The open-source project Tars carries the same mission as robot Tars does. It is designed for high reliability, high performance, and efficient service management. By significantly reducing system operation work, developers can focus on business logic and meet fast changes of user requirements.

Right now, thousands of services in Tencent have been developed with TAF, running on tens of thousands of machines.

2. Design Principles

Tars manages services in microservice style. Tars partitions the system into abstraction layers:

tars

As shown in the picture, the bottom layer is the protocol layer which unifies bussiness communication protocols by providing an IDL (Interface Definition Language) file. The goal of the protocol layer is the interoperability of diverse communication with standard protocols. The design of this conceptual framework characterizes and standardizes the communication functions of frameworks without regard to their underlying network structure and technology.

Tars supplies tools to compile IDL files and auto generate cross-platform, extensible protocol codes. Now developers can focus on protocol field content to describe the business logic. They're more productive because there's no need to consider the implement details such as cross-platform ability, compatibility, and extensibility.

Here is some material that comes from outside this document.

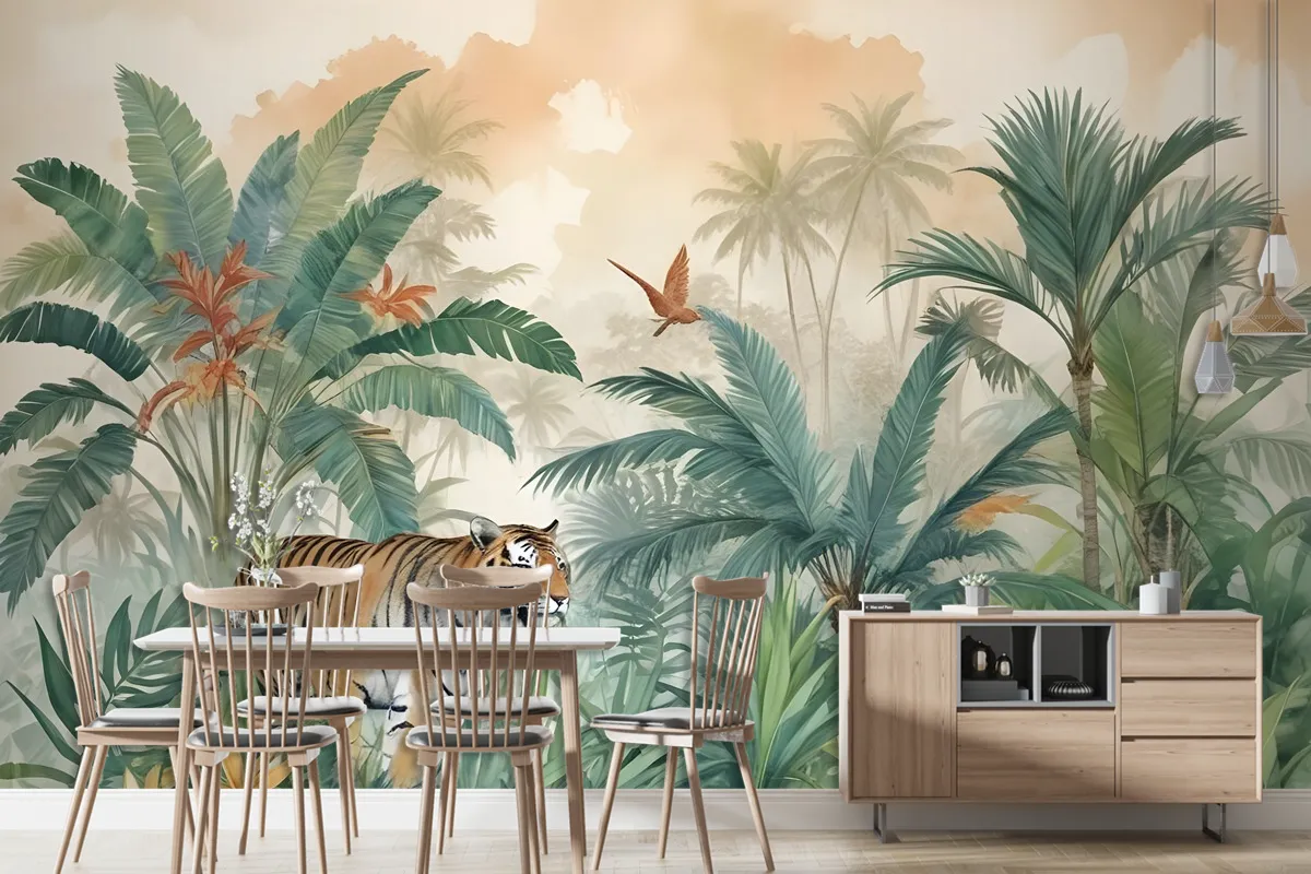 Kaplan Ve Tropikal Yapraklar Duvar Kağıdı

Platform layer in the middle provides common-used libraries and RPC framework. Developers can use them to implement systems with high-performance and high-availability. These libraries and framework are extensively tested and proven to be stable and efficient. Furthermore, they are well integrated with the management platform, making system maintenance and operation cheerful. In a distributed platform, there are tough problems in operation. For example, fault-tolerance, load-balance, capacity management and service-update. With tools include in platform layer, developer can handle these problems easily.

The top layer is operation layer. It provides tools for SRE(Site Reliability Engineering) to deploy, publish, configure and monitor services. It also provides nice features such as elastic scheduling.

3. Architecture

3.1. Topology

tars

A platform built with Tars can be divided into two major parts: Service nodes and common framework nodes.

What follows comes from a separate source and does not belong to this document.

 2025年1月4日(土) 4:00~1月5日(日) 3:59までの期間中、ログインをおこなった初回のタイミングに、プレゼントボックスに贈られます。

Before our introduction, we clarify two the following terminology: Node: An OS instance. It can be physical machine, virtual machine. Server: An instance of a service. A server runs on a node.

Service nodes:

Service node is a node in which server run. It can be physical machine, virtual machine. In a platform built with Tars, the number of service nodes can be thousands.

On every service node, there is a tarsnode and N(N >= 0) servers. Tarsnode manages servers. It can stop, start, publish and monitor them. Meanwhile, it accepts heartbeat from servers.

Common framework nodes:

Except service nodes, there are common framework nodes.

The number of common framework nodes is fixed. Platform operators need to deploy them in multiple machines at multiple places for failure tolerance. Different common service needs different number of nodes. For example, if servers print a huge amount for logs, the number of log service should be increased.

Common framework nodes can be classified as several categories:

tarsweb: Monitor runtime status of service nodes, and publish, deploy, start or stop servers.

tarsregistry: Tarsweb uses tarsregistry to publish, start or stop servers. Tarsregistry also provides naming service. It also accepts heartbeat messages from servers. One server can query address(IP/port) of servers of other services through tarsregistry.

tarspatch: Tarspatch provides publish management service. Tarsweb uses it to publish specified version of services to server;

tarsconfig: Tarsconfig works as configuration center. It manages service configuration files of all servers.

tarslog: Tarslog provides remote log service. Logs from servers are sent to tarslog. Tarslog stores these logs for further use.

tarsstat: Tarsstat statistics information from servers such as workload, response time, out of time request ratio. Monitor service uses these information to discover abnormal server and makes warnings.

tartproperty: Beyond statistics from tarsstat, user can define business related properties for servers such as memory usage, queue size, cache hit-rate. Monitor service uses these information to discover abnormal server and make warnings.

tarsnotify: Tarsnotify statistics abnormal information from server such as db failure, to discover abnormal server and make warning.

In summary, in order to deploy and operate a server, tarsnode on every service node must keep in touch with common framework services.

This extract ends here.